- Born: 18 October 1904 Hanau, Province of Hesse-Nassau, Kingdom of Prussia, German Empire
- Died: † 2 May 1945 (aged 40) Berlin, German Reich
- Military career
- Allegiance: Weimar Republic Nazi Germany
- Branch: Reichswehr German Heer Waffen-SS
- Service years: 1923–1945
- Rank: SS-Brigadeführer and Generalmajor of the Waffen-SS
- Service number: SS #491,403
- Unit: SS Division Nordland
- Conflicts: Spanish Civil War World War II Poland Campaign; Battle of France; Operation Barbarossa; Defence of the Reich;
- Awards: Spanish Cross; Knight's Cross of the Iron Cross with Oak Leaves;

= Joachim Ziegler =

Waffen-SS Major General (1904–1945)

Joachim Ziegler (18 October 1904 – 2 May 1945) was a high-ranking commander in the Waffen-SS of Nazi Germany during World War II. He was a commander of the SS Division Nordland, and was a recipient of the Knight's Cross of the Iron Cross with Oak Leaves.

==Career==
Joachim Ziegler was born in 1904, the son of a police officer. After graduating from Gymnasium with Abitur, he joined the Reichswehr as an officer candidate on 5 April 1923 and initially served in the 16th Cavalry Regiment. In 1935, he transferred to the 6th Panzer Regiment as commander of the 7th Company. From 30 September 1936 to 12 October 1937, he served as a volunteer with the Condor Legion. Ziegler was awarded the Spanish Cross for his participation in the Spanish Civil War.

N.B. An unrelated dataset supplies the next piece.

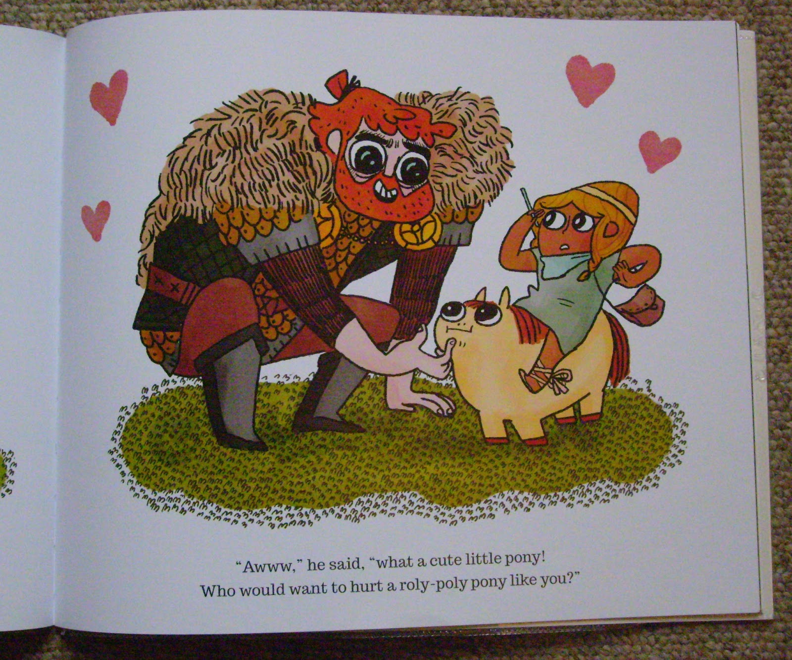 Published by Walker Books. In a kingdom of warriors, Princess Pinecone wants nothing less than a warhorse for her birthday - but she gets a cute little pony. This is a charming story, rich in character and comic detail. The illustration carefully bridges design from ancient civilisations (through pattern, line-work and colour) with something more contemporary. I think a good example of this is in the page below, where the evocative design and line-work of Otto also accomodates gooey eyes and love hearts.

In 1939, he served as the adjutant in the 3rd Panzer Brigade and on 23 September 1939 he was awarded the Iron Cross 2nd class followed by a 1st class award on 28 June 1940. On 14 March 1943 he was promoted to Oberst and served on the General Staff of the XXXXII Army Corps. He was awarded the German Cross in Gold on 15 March 1943 and was commanded by the Wehrmacht to the Waffen-SS on 15 June 1943. His SS number was 491,403. From 1 August 1943, Ziegler was the Chief of General Staff of the III (Germanic) SS Panzer Corps, and in November 1943 he was granted permission to wear an SS uniform for the duration of his command.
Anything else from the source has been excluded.